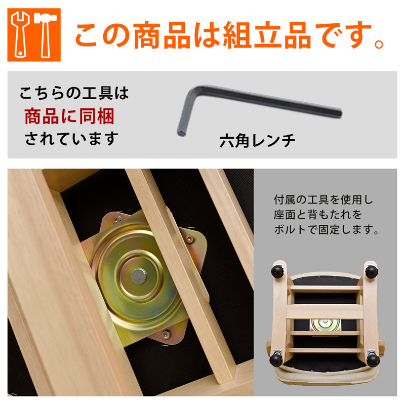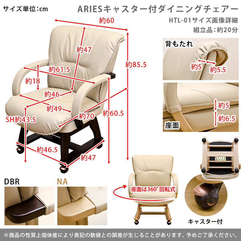 | 商品説明 | 組立品(約20分) しっかりクッションが生み出す快適な座り心地! 回転&キャスター付きで使いやすさも抜群です! ゆったり座れて寛げるダイニングチェアーです。 座面は360°の回転式なので、立ち上がる時もくるっと回転させるだけで楽に立ち上がれます。 キャスターも付いているので、ちょっとした移動にも煩わしさを感じません。 座面はお手入れが簡単な合成皮革で汚れやすいダイニングには嬉しいですね。 ご高齢の方にもオススメな使いやすく座りやすいダイニングチェアーです。 ※こちらは1脚での販売になります。 ※フローリングでご使用の場合、キャスターにより床にへこみや傷がつく恐れがあります。 気になる場合は傷防止シートやマット等との併用をお願いします。 |
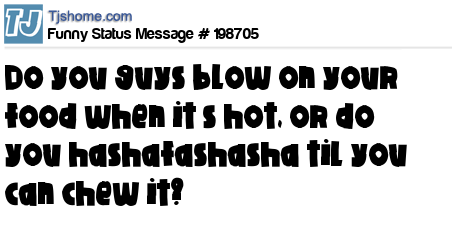 X says Do you guys blow on your food when it’s hot, or do you hashafashasha til you can chew it?
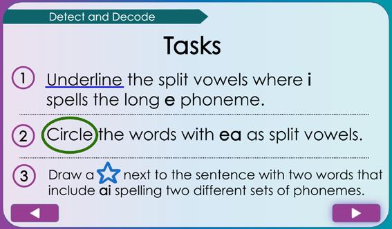 • I s ee three vowels, e, a, and e (Click to underline the vowels.)
□ □ □ □ □
Exercise instructions:
The lines from the one with "X says Do you" to the end of the data above should be retyped exactly, both ends included, and pictures are to be left out.

Task solution:
 X says Do you guys blow on your food when it’s hot, or do you hashafashasha til you can chew it?
 • I s ee three vowels, e, a, and e (Click to underline the vowels.)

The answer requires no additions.